▶ **PROBLEM REQUIREMENTS**
Would you please repeat exactly the entries below, starting at the line with "Ssa reporta 35" and ending at the line with "To change the", and nothing outside that range? Leave out the pictures.

▶ **DATA SECTION**
Content starts
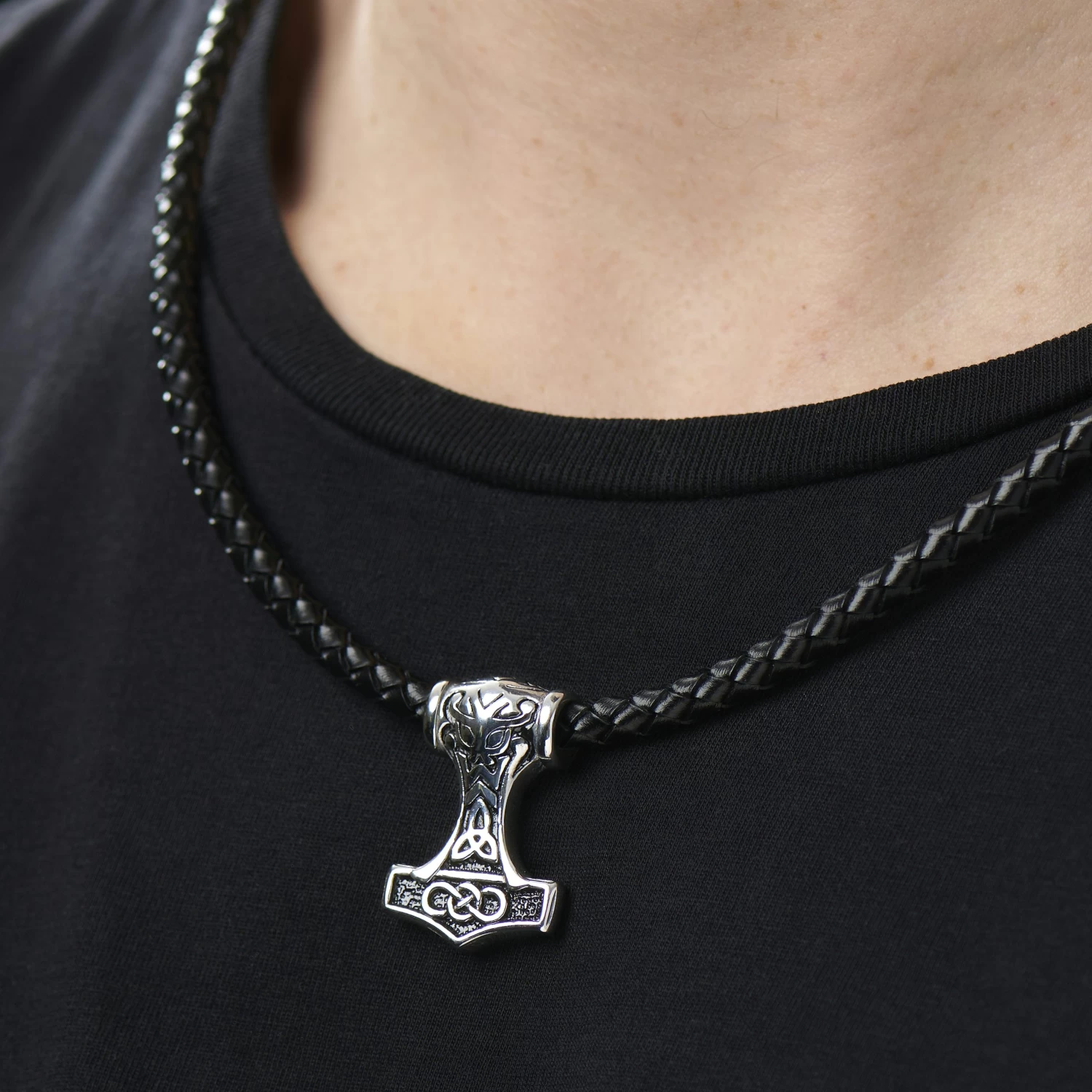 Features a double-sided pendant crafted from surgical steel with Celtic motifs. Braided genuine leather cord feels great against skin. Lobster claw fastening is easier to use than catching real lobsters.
Content ends
Content starts
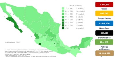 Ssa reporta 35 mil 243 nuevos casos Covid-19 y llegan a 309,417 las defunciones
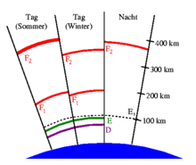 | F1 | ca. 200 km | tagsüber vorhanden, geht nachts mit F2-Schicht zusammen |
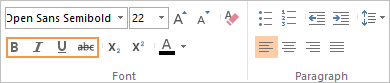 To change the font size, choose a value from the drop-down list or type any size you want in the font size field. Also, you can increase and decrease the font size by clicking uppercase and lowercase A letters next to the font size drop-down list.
Content ends
▶ **REPLY**
 Ssa reporta 35 mil 243 nuevos casos Covid-19 y llegan a 309,417 las defunciones
 | F1 | ca. 200 km | tagsüber vorhanden, geht nachts mit F2-Schicht zusammen |
 To change the font size, choose a value from the drop-down list or type any size you want in the font size field. Also, you can increase and decrease the font size by clicking uppercase and lowercase A letters next to the font size drop-down list.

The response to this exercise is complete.